The effectiveness of the transformed bacteria for producing cell death in the presence of a prodrug was further investigated by fluorescent confocal and widefield microscopy. Calcofluor white M2R dye was used to selectively stain yeast chitin cell walls for fluorescent microscopy. The FUN-1 dye (Life Technologies, California, USA) was used to stain cylindrical yeast cells. If the yeast cell is alive, FUN-1 appears red, if the cell is dead, FUN-1 appears green. Only live yeast cells have red vacuolar structures indicating intact cell membranes. Thus the number of the vacuole structures as viewed under the red filter corresponds to the number of living yeast cells in a sample. The image analysis program CellC was utilized to count an approximate numbers of living cells for each image of the samples. The images from the fluorescent microscope demonstrated an 85% decrease in cell survival for the samples treated with transformed E. coli and prodrug as compared to the control.

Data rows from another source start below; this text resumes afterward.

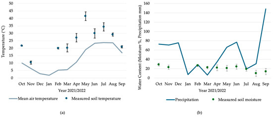 The average air temperature for the growing season 2021/2022 was 12.4 °C. The mean air temperature during the growing season and the observed soil temperature during the months (n = 1) when Rs was measured (n = 3) is shown in Figure 2a. A general seasonal fluctuation in mean air temperature was observed. Measurements of CO2 flux over the experimental period had a range of soil temperature (8.9–45.9 °C) at a depth of 10 cm. The lowest mean air temperature was measured in January and the highest in July. The highest mean soil temperature (41.5 °C) was recorded in May and the lowest mean soil temperature (10.4 °C) was observed in November, when measurements were not made in December and January due to freezing soil conditions. At each observation date when soil temperature was measured, the mean observed soil temperature was higher than the monthly air temperature. This seems unusual at first since soil is known as a better insulator of temperature, but the soil temperature was only measured during one day in each month and within daylight hours. It is important to note that the soil temperature follows the same trend of seasonal variation but that the soil temperature at the time of data collection with other variables was higher than the average air temperature for the month to contextualize the data that will be discussed. In February, March, April, and May, differences in observed soil temperature were much higher (>15 °C) than the mean air temperature during those months. Due to the single observation per month, the observed soil temperature does not represent the actual temperature changes in the vegetative season.
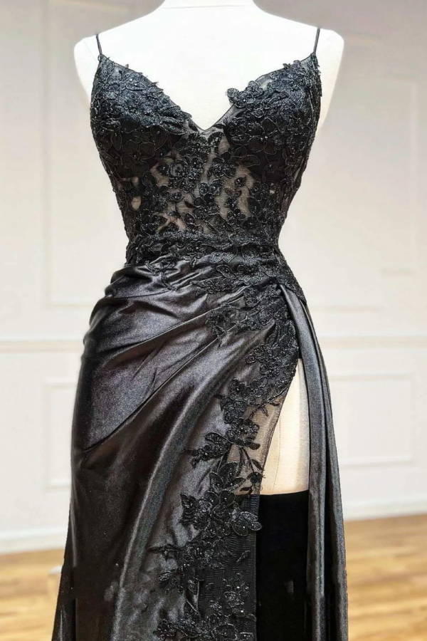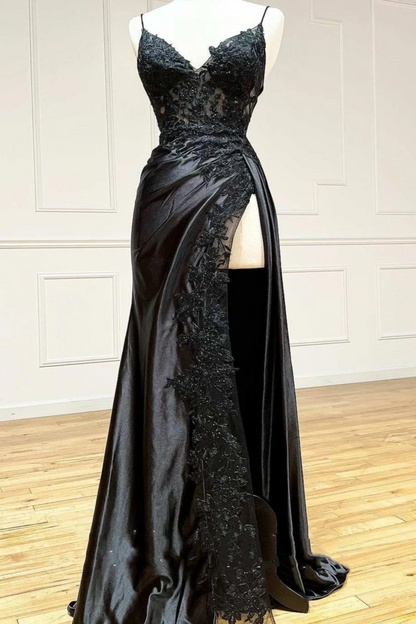 V Neck Spaghetti Straps Lace Appliques High Side Slit and Train Prom Dress WU1276
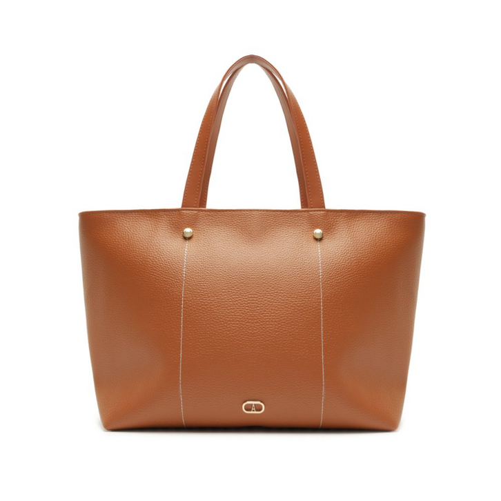 Bolsa shopping grande marrom, em material similar ao couro. O modelo possui shape estruturado retangular e acabamento texturizado com detalhe de costuras e aplicação de rebites na parte frontal. Traz alças de ombro médias, logo metalizado discreto aplicado na base (oval com a letra “A” no interior) e fechamento superior em zíper. Na parte interna, apresenta forro em tom rosé, bolso flat funcional e etiqueta marrom com nome da marca em baixo-relevo.
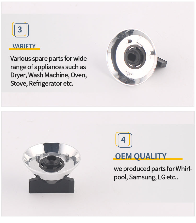 We produce full range of Appliance Parts for over 20 years, we have professional R&D department and QC team. Our sales team have over 20 years foreign trade experience. We do OEM parts for lot of top brands such as Whirlpool, Samsung and LG etc.
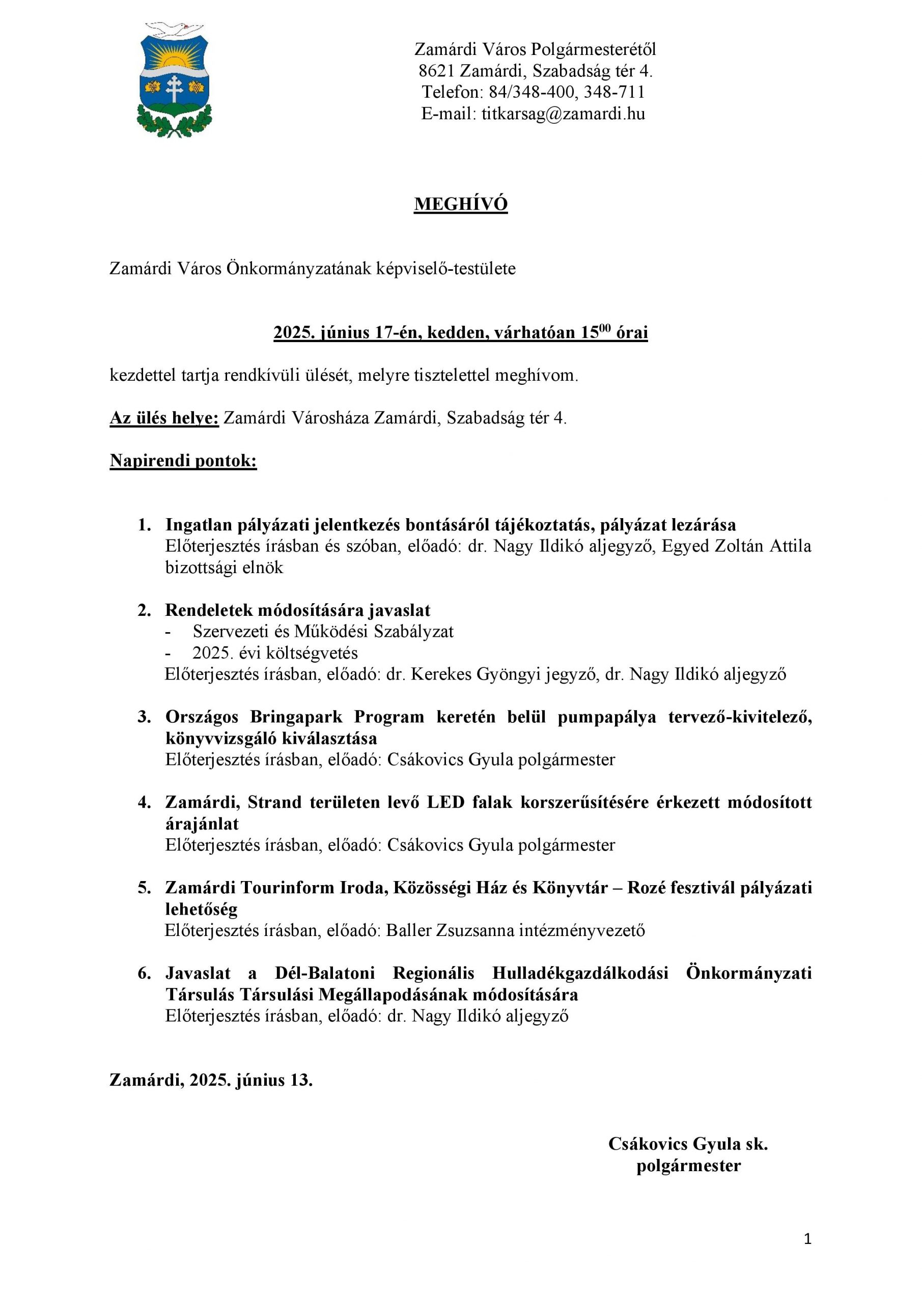 Meghívó – rk. képviselő-testületi ülés – 2025.06.17.
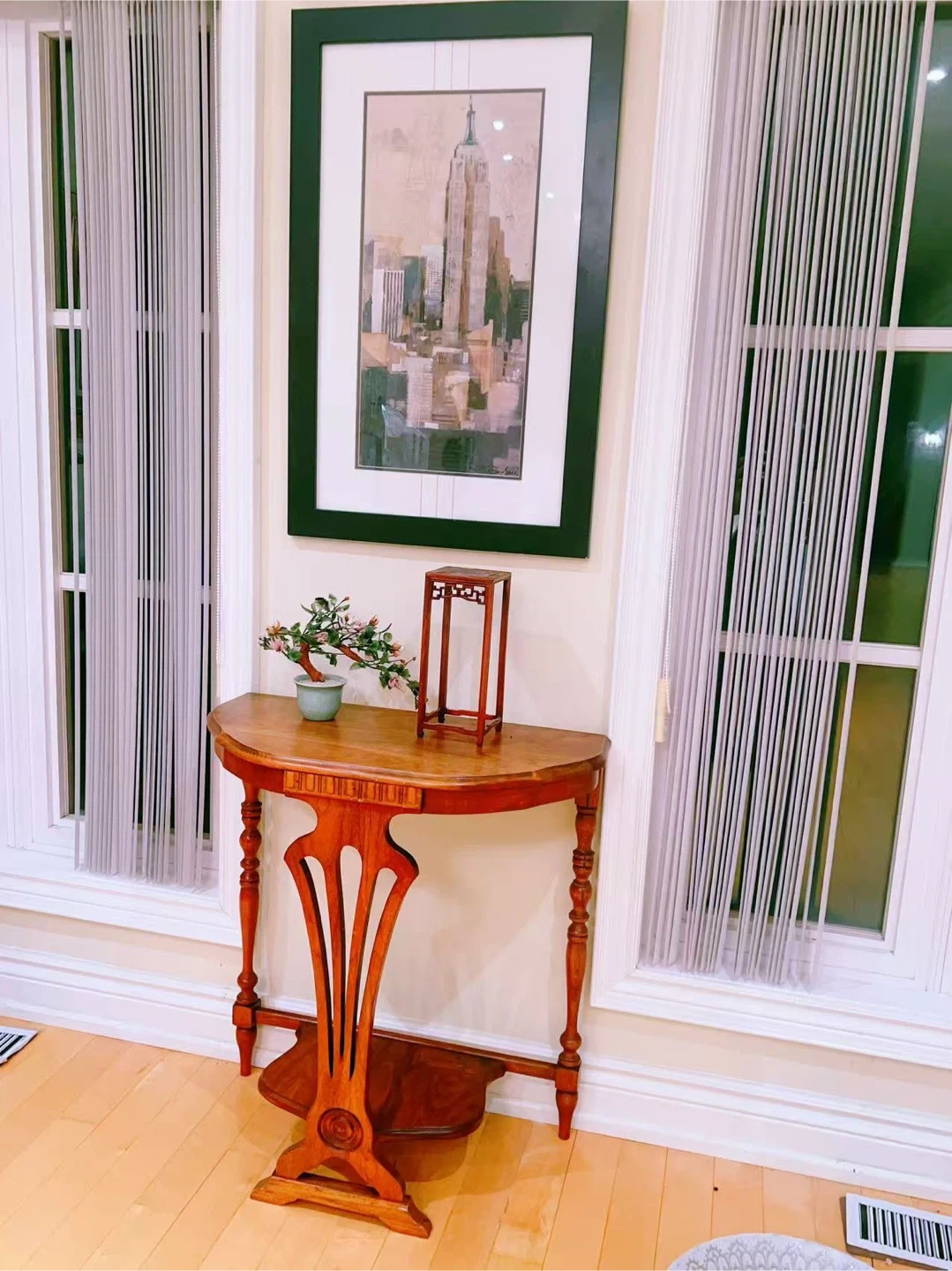 Selling a lovely wooden half-moon console table. It's a beautiful piece of furniture that would look great in an entryway or living room. The table features a unique design with elegant legs and a lower shelf for storage or display. It's in great condition and ready to find a new home!

FIG. 3 schematically illustrates some possible mechanisms of action for anthracyclines on tumor cells leading to tumor cell death. In FIG. 3, a cancer cell 310 is shown having a nucleus 312 and a nucleolus 314. Anthracycline molecules 316 enter the cell 310 through passive diffusion. Once inside the tumor cell 310, the anthracycline 316 can bind to a proteasome 318 and enter the nucleus 312. A proteasome 318 having a bound anthracycline 316 is unable to bind and degrade proteins 320 normally. A buildup of protein in a cell leads to apoptosis and cell death. Additionally, once inside the nucleus, anthracycline molecules 316 can disassociate from the proteasome 318 and bind to DNA molecules 322. Anthracycline binding to DNA 322 leads to unfolding and chromatin aggregation which in turn inhibits DNA replication. Further, anthracyclines may disrupt the function of topoisomerase I and II 324 leading to DNA 322 damage and cell death.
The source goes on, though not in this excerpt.